Seems to me that you're writing for an audience that already has the same opinions you do. So if you're just trying to preach to the choir, never mind.


Statements like the above pretty much cause you to lose any credibility in the eyes of serious correspondents interested in policy. I'd ordinarily ask you to explain or substantiate such a claim, but it's right up there with: "You know who else liked government run health care? Hitler." It's such a vapid and disingenuous claim that it's not worthy of argument.

"By creating yet another massive entitlement program, President Obama will dramatically expand the federal deficit."

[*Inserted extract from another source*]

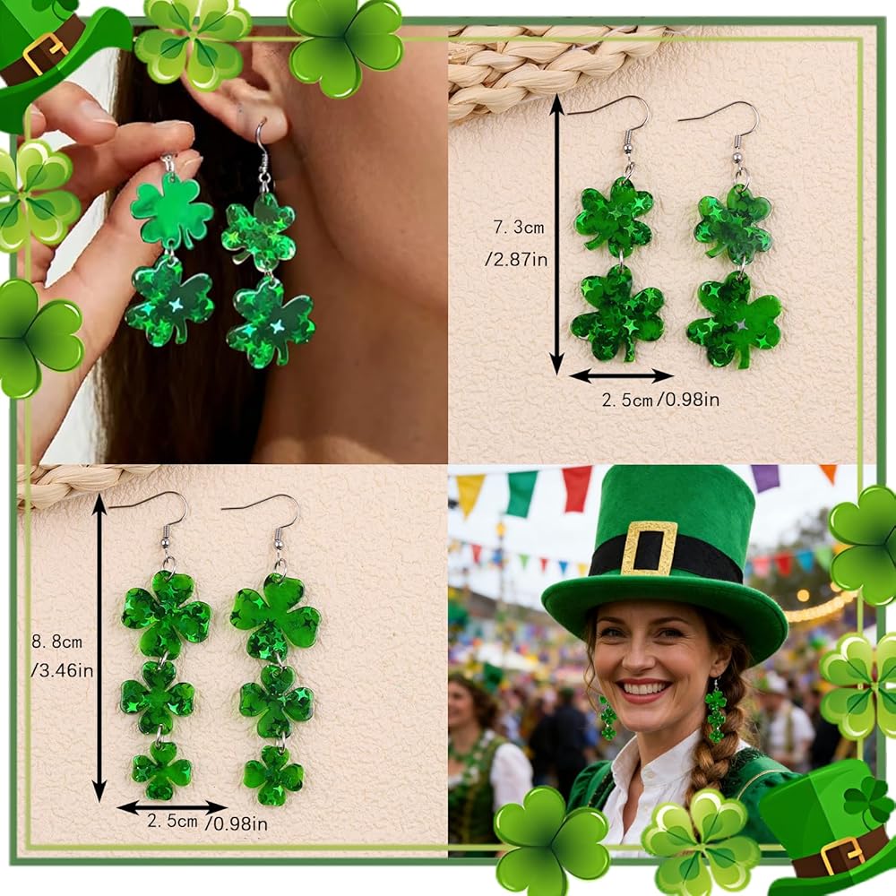 المواد: مصنوعة من الأكريليك وسبيكة عالية الجودة، هذه الأقراط خفيفة الوزن، هذه الأقراط يوم القديس باتريك مريحة للارتداء طوال اليوم. يضيف تصميمها المتدلي الرقيق لمسة احتفالية دون أن يثقل كاهلك

Here's another example of sloppy thinking (charitably assuming it's not deliberate dishonesty). Both the House and the Senate bill are deficit-reducing, and not by small amounts. I suppose you can argue that the CBO is biased or the asssumptions are wrong or that Congress will spend more money than is budgeted or something -- but you don't make that argument, do you? You just make a simple decarative statement which is directly counter-factual with no explanation or qualification. Furthermore, you seem confused as to what an "entitlement" is. There is no new entitlement created in the HCR bills. There are subsidies and tax credits, and I suppose if you redefine "entitlement" as "anytime the government pays for something" then that could be correct. That definition, however, is inconsistent with the common policy usage of that term.

"Consumer healthcare insurance premiums will be means tested"

Actually the premiums are not means tested; they are actuarially set and community rated. The subsidies are means tested, which is a good thing. I hope that even you would admit that if you are going to subsidize, that less needy families should recieve lower levels of support.

"If consumers have to pay for their healthcare insurance premiums with after tax dollars the real price will be at least 30% higher."

Are you unaware that in the current system that consumers buying individual policies already are doing so with after-tax dollars?

I'd go on with the other bits of inaccuracy and demagoguery in this piece and the others on this blog, but I'm not sure that there's any point.